Myths about Systems Thinking

toolbox not thinking

Myth: Systems Thinking is only applicable in areas where a spot of process improvement would be just the ticket.

You see, it’s all well and good when you have a process like Housing Benefits or Planning, which is transactional and you are delivering a service to a customer asking for it, you can simplify the processes, but in more complex work clearly it’s not appropriate”

Bollocks is it.

I came across this in two forms this week. Firstly someone saying that it was applicable in services that allowed for “a shortening of the process”, whatever that means. Secondly, more worryingly, in an official document reviewing the applicability of systems thinking for the Northern Ireland Assembly.  After an honest stab at explaining what it means by systems thinking, it goes on to muddle lean and Vanguard Method.  These are different things!  One is a method for changing the thinking that is the ultimate root cause behind all management problems: command and control thinking.

The other one isn’t.

Change the thinking, it changes the system and performance changes, permanently and sustainably.

Just change the system, leave the thinking AS-IS and you’ve got a band-aid over a cancer.

Back to the myth, and the report. (p.22)

“systems thinking will not work with highly complex programmes such as health promotion, for example, because of the range of influences that can come into play and because of the wide range of ‘customers’ – many of whom may not actually know they are customers. They would not, it follows, be able to clearly articulate their demands of the organisations involved”
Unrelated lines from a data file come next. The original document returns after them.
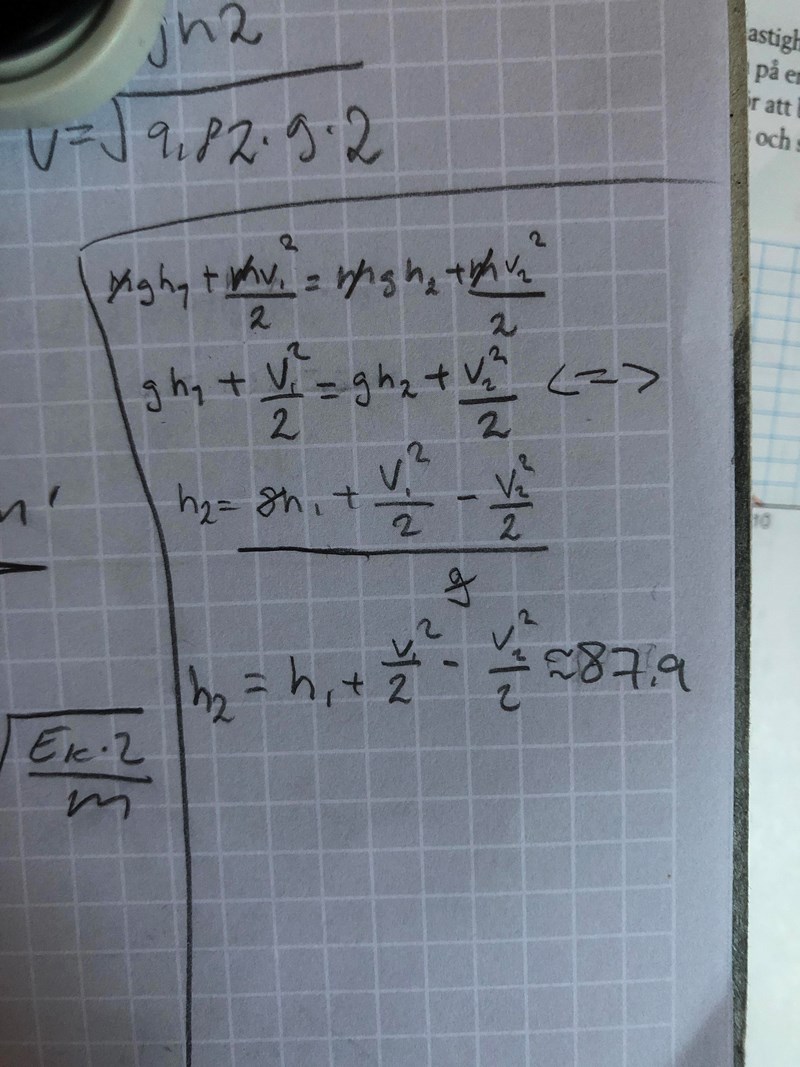 När du har h2= (plussa ihop detta)/9,82 så tror jag att du får rätt svar
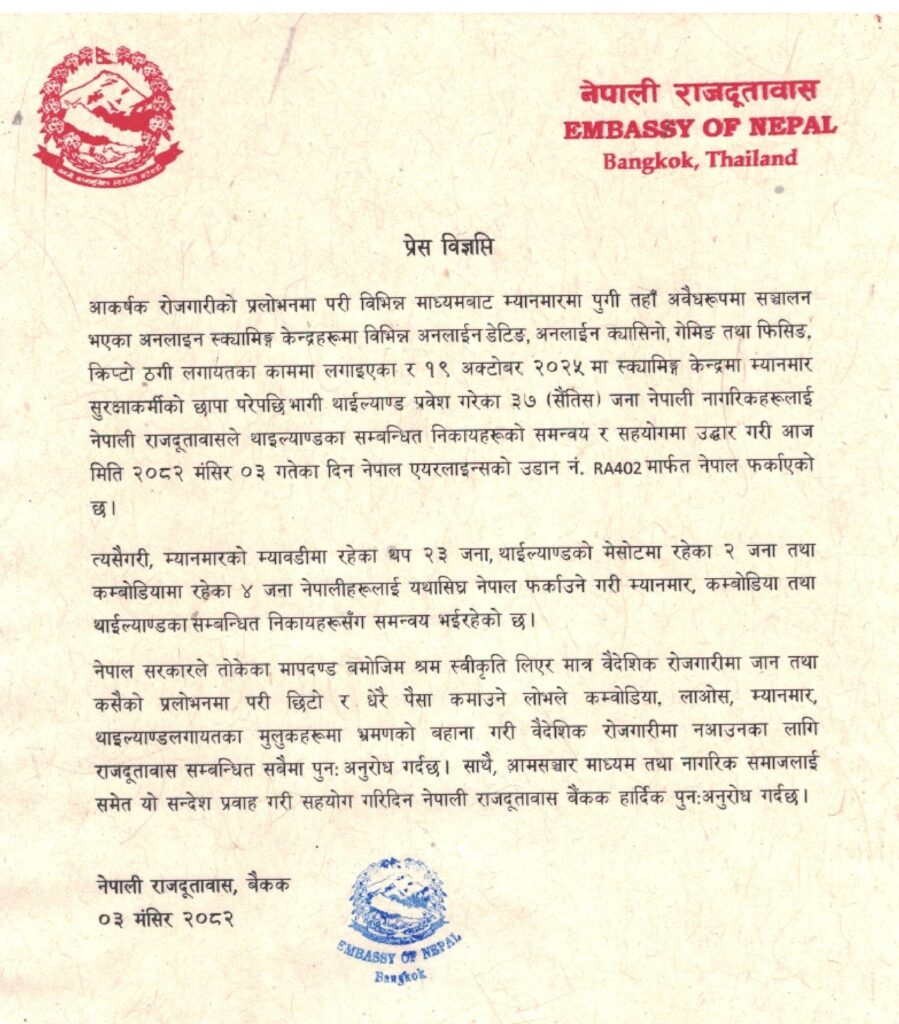 म्यानमारको म्यावडीमा रहेका थप २३ जना, थाईल्याण्डको मेसोटमा रहेका २ जना तथा कम्बोडियामा रहेका ४ जना नेपालीहरूलाई यथाशीघ्र नेपाल फर्काउने गरी म्यानमार, कम्बोडिया तथा थाईल्याण्डका सम्बन्धित निकायहरूसँग समन्वय भइरहेको छ ।
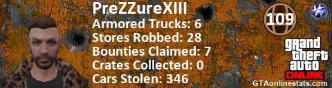 [URL=http://GTAonlinestats.com/showplayer/PreZZureXIII/2][IMG]http://GTAonlinestats.com/crimesignature/PreZZureXIII/2/sig.png[/IMG][/URL]
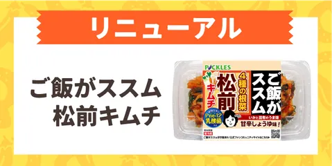 リニューアルでさらにおいしく♪「ご飯がススム松前キムチ」 「ご飯がススム松前キムチ」がリニューアルして9月より新登場!好評の甘じょっぱさはそのままに、さらにおいしく生まれ変わりました😆✨✅大根の味付をブラッシュアップ、絶妙な甘辛さになってよりご飯がススム味わいに!✅昆布とスルメ、4種根菜の配合バランスを見直し。より具材との一体感のアップ♪✅パッケージ側面の

What’s the alternative, command and control thinking? Use of targets, unit costs, external motivation and The Big Plan to be slavishly followed? If systems thinking will not work with highly complex programmes, then what will? A more simplistic approach that doesn’t address how humans, both customers/clients/whoever and staff, actually act?

Systems thinking is about the thinking. It isn’t about the design of a simple service model that effectively delivers value to the customer with minimal waste. It is the thinking that RESULTS in that. Systems thinking is being used in policing, in healthcare, areas that don’t have a single “customer” sometimes.

But to the outsider viewing a systems thinking intervention, what can they see? A bunch of things, including eliminating a front and back office split. It’s the salient features that will be seen, as what is the only thing you cannot see? The one thing that matters.